=== What you have to do ===
Find the line holding "大学外语教研室一致认为应当针" in the entries below. Give it again exactly, along with every line after it up to and including the line holding "You’ll feel the".

Stored items from a collection
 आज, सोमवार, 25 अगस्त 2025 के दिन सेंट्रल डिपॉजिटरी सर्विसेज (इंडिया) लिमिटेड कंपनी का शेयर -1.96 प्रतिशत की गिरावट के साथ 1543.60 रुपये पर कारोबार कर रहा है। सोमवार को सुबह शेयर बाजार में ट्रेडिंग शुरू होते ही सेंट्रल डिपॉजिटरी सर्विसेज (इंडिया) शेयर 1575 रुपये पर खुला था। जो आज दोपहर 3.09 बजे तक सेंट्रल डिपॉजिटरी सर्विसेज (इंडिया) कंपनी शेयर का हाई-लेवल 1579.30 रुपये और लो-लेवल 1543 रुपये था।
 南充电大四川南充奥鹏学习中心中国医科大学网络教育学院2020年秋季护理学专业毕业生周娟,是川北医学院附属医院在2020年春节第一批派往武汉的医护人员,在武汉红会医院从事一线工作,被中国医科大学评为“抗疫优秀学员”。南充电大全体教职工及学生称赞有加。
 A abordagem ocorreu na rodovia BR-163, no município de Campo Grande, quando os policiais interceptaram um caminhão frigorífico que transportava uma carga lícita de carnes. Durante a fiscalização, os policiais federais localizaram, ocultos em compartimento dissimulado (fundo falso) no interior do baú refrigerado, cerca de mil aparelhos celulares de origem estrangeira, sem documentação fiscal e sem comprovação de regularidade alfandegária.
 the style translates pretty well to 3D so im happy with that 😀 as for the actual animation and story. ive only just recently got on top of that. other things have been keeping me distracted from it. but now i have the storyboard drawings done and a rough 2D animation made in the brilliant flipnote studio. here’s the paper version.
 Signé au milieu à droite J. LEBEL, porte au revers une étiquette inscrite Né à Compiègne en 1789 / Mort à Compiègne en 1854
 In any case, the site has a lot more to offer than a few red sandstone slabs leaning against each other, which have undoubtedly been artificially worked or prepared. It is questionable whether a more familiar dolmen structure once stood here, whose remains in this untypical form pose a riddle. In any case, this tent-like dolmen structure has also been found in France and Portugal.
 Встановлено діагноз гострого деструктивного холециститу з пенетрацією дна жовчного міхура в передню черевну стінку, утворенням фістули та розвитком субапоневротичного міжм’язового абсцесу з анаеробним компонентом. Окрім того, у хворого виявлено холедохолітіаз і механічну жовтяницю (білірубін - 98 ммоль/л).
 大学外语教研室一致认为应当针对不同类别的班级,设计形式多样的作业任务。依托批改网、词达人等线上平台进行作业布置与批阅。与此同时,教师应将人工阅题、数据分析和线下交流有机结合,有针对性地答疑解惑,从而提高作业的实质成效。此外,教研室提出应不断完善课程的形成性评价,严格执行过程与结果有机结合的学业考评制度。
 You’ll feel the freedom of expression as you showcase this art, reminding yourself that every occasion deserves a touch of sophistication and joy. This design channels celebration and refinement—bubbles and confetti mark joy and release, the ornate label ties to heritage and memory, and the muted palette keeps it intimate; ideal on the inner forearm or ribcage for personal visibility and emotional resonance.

...

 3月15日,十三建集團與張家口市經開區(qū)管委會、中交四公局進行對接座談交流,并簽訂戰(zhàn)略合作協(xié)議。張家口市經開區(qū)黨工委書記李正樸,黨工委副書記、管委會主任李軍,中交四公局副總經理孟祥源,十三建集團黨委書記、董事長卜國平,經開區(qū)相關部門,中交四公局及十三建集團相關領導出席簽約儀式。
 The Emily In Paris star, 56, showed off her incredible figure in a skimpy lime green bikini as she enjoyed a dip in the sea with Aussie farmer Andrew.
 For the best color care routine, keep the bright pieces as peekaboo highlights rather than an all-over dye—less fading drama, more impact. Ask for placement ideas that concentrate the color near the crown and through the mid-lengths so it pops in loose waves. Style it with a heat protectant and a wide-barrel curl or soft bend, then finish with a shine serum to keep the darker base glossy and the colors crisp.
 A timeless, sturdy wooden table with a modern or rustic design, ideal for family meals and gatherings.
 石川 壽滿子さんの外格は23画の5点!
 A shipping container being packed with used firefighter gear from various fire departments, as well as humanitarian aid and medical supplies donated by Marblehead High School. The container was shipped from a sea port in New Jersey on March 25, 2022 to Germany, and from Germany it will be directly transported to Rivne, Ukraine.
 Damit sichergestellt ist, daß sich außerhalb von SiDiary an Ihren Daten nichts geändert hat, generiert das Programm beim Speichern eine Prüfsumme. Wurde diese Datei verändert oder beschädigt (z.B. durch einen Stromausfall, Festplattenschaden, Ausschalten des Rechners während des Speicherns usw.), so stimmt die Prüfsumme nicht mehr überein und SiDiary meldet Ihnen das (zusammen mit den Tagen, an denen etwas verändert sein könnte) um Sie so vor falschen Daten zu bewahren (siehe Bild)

=== Exercise response ===
 大学外语教研室一致认为应当针对不同类别的班级,设计形式多样的作业任务。依托批改网、词达人等线上平台进行作业布置与批阅。与此同时,教师应将人工阅题、数据分析和线下交流有机结合,有针对性地答疑解惑,从而提高作业的实质成效。此外,教研室提出应不断完善课程的形成性评价,严格执行过程与结果有机结合的学业考评制度。
 You’ll feel the freedom of expression as you showcase this art, reminding yourself that every occasion deserves a touch of sophistication and joy. This design channels celebration and refinement—bubbles and confetti mark joy and release, the ornate label ties to heritage and memory, and the muted palette keeps it intimate; ideal on the inner forearm or ribcage for personal visibility and emotional resonance.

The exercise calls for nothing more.